Vic laughed. “He could have gotten away with a whole heap more, and the clients would still have loved him. I sometimes wonder how any of us put up with him when he was in one of his moods.”

“He trained great horses and riders.” Liz shook her head. “They adored him.”

Vic sighed. “I wish I had Frank’s charm. We could use a few hundred-thousand-dollar sales right about now.”

“Charm? Charm? He made Marine boot camp look like a first-class cruise to the Bahamas.”

“We won. We made money. We had a full barn. We had happy customers and top-notch horses. That’s results.”

“Results. Right.” Liz turned away, her chest heaving. She’d finally learned to pity Uncle Frank about the time she turned twenty. Before that. he’d terrified her. He couldn’t show affection, he couldn’t praise the people he cared about, not even Vic. Certainly not his gawky niece.

Yet for all his grumpy bullying, Uncle Frank had taken her in after her mother’s sudden fatal heart attack and her father’s grief made living at home impossible for her. Frank had tried to love her, an eleven-year-old de facto orphan, in the only way he knew. He drove her to ride better, higher, stronger. And when she cried he seemed baffled. Memories of those sessions still made her hyperventilate. What would confrontation with Mike Whitten do to her breathing? She didn’t doubt for a minute that he could bully with the best if he thought it would work for him.

The worst part was that despite his size and that lantern jaw, something about Whitten turned her on. He radiated confidence. He was in great shape. Probably played handball three times a week and had a personal trainer so he could impress the ladies on the tennis court at the racquet club. He wore no wedding ring, and Angie Womack had told her there was no Mrs. Whitten.

She wondered why such an obvious catch was running around without a wife in tow. Little Miss Pat probably fed arsenic to possible queen consorts the minute Daddy showed any interest in them. The girl didn’t seem eager to share.

The kid certainly had her father wrapped around her little finger.
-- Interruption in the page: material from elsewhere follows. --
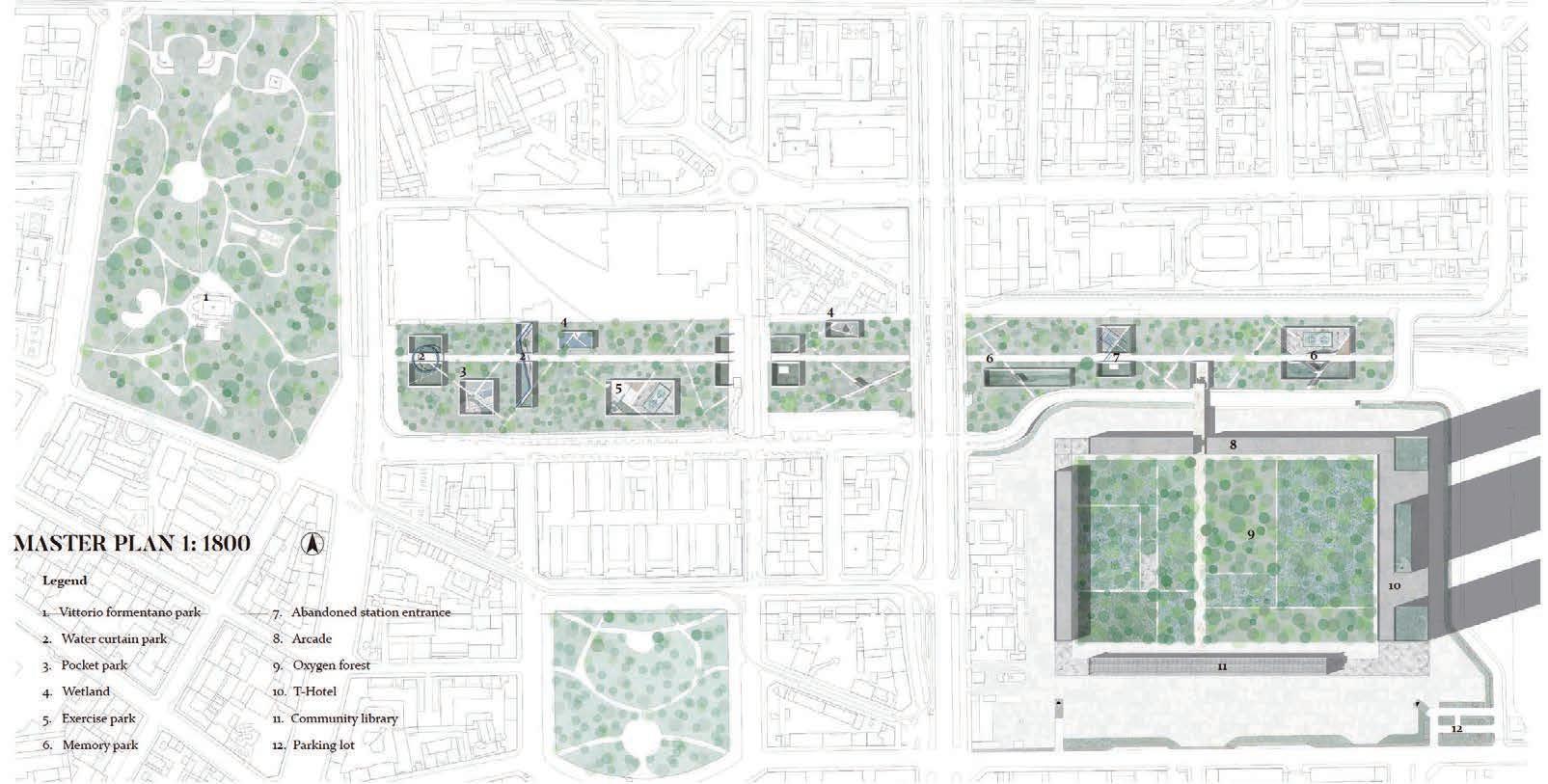 We redesigned the existing abandoned green space and transformed it into a sustainable linear park. And retain the design of the building and the new building, as well as the design of the three towers. It not only preserves the memory of the site, but also adds new vitality to the city of Milan and solves part of the social housing problem.

Pat held the key to the Edenvale contract, and if Vic said they had to get it to stay solvent, then Liz would do everything in her power to make that happen, even if she had to turn that kid into a centaur.

It wasn’t that she didn’t like kids. She rode against kids every day in the hunter ring. But ValleyCrest had always catered to adult riders.
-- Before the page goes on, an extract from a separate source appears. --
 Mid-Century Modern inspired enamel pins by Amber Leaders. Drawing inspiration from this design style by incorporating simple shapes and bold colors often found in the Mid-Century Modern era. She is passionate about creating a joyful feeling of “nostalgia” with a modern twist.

As Uncle Frank’s exercise girl from the time she was old enough to sit a horse, Liz had been too busy after school to make friends her own age. She’d moved into the adult world when she was barely into her teens. She’d had crushes on the few teenaged boys who rode, but she’d been tall and so bony, and they’d always gravitated towards the cute little debutantes.

So here she was at thirty-seven with nobody in her life except her aunt and the animals, and that was the way it was likely to remain. At least it was peaceful. The dogs and cats never yelled at her.
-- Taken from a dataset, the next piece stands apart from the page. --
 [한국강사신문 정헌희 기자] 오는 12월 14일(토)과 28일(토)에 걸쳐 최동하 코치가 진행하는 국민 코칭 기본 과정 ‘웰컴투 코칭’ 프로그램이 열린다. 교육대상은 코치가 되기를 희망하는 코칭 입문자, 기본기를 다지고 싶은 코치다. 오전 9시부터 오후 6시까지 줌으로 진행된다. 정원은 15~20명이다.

She watched her aunt bending over the feed sacks, Vic’s youthful body lithe and strong. Liz often caught the longing in her aunt’s eyes when her niece swung into the saddle. Please God, Liz prayed. Let me never lose my nerve the way she did, never cringe at the thought of cantering down on a big fence. She knew it could happen to anyone, even someone as talented and fearless as Aunt Vic had been.

Vic was a great manager, a great teacher, but Liz knew how deeply it must hurt never to sit in a saddle.

All those years that Uncle Frank had tried to bully and cajole her out of her fear, Vic never fought back. Liz finally told him if he said one more word on that subject, she’d leave. Since by that time Frank Jamerson weighed over three hundred pounds, and had no one but Liz to ride his horses, he’d tried hard to watch his mouth from that moment on.

He never knew that after their fight Liz had walked out of the room and thrown up. Only Aunt Vic and Albert knew that angry words wounded Liz much more deeply than broken bones and concussions.

Now Liz was faced with Mike Whitten and his whiny kid, and probably a bunch of other equally bratty kids with bullying mothers and fathers.